-- What is expected --
Return all the lines below exactly. Any picture among them is omitted.

-- Dataset extract --
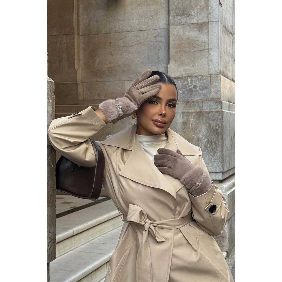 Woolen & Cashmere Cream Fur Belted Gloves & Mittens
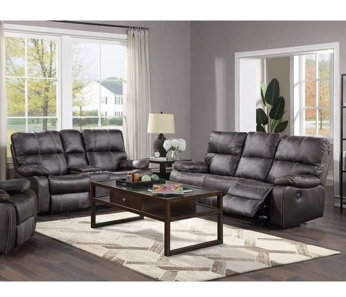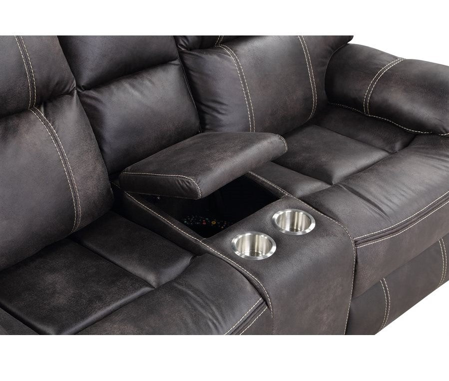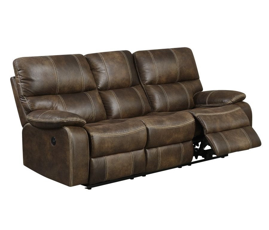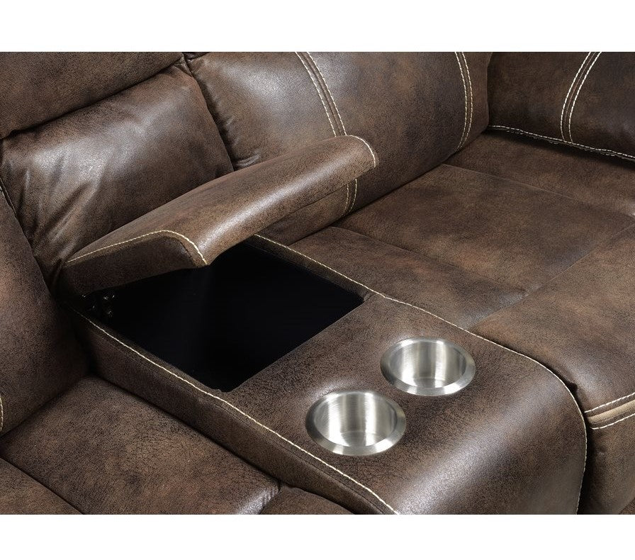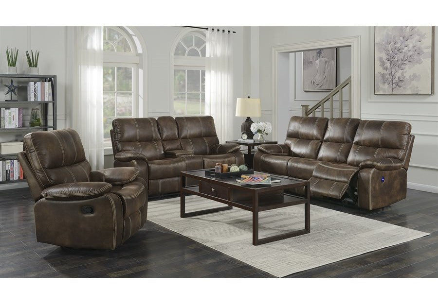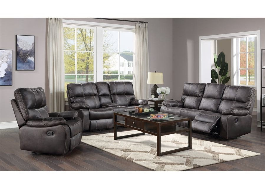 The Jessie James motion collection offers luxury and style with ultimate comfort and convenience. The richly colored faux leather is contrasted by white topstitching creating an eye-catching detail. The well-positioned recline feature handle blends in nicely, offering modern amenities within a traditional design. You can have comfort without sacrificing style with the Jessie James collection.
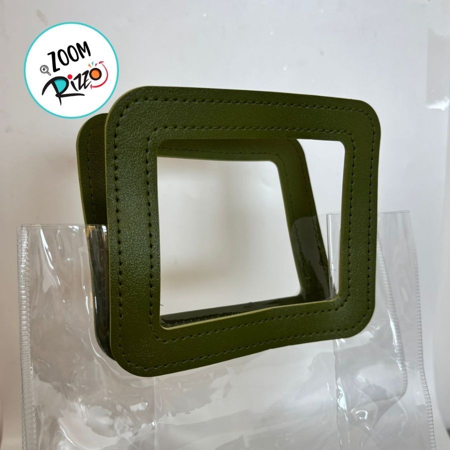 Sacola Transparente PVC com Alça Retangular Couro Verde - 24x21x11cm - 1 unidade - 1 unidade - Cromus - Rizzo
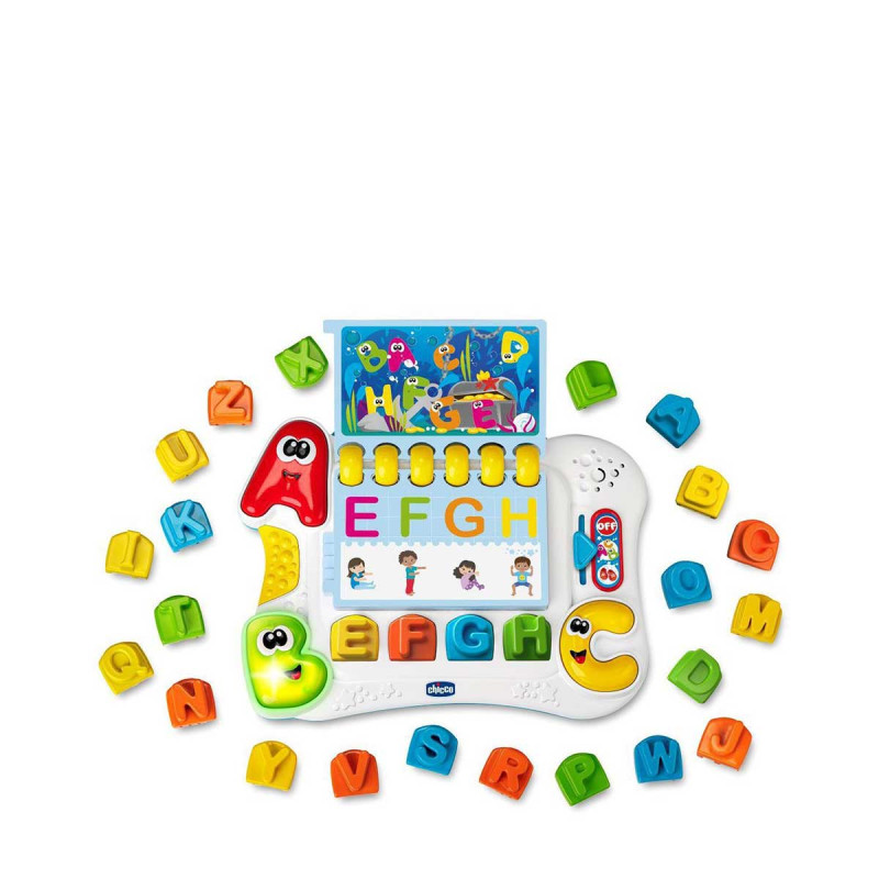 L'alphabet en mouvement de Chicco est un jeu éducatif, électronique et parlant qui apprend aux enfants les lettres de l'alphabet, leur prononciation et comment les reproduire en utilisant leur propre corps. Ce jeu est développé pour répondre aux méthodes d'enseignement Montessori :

-- Output of the exercise --
 Woolen & Cashmere Cream Fur Belted Gloves & Mittens
 The Jessie James motion collection offers luxury and style with ultimate comfort and convenience. The richly colored faux leather is contrasted by white topstitching creating an eye-catching detail. The well-positioned recline feature handle blends in nicely, offering modern amenities within a traditional design. You can have comfort without sacrificing style with the Jessie James collection.
 Sacola Transparente PVC com Alça Retangular Couro Verde - 24x21x11cm - 1 unidade - 1 unidade - Cromus - Rizzo
 L'alphabet en mouvement de Chicco est un jeu éducatif, électronique et parlant qui apprend aux enfants les lettres de l'alphabet, leur prononciation et comment les reproduire en utilisant leur propre corps. Ce jeu est développé pour répondre aux méthodes d'enseignement Montessori :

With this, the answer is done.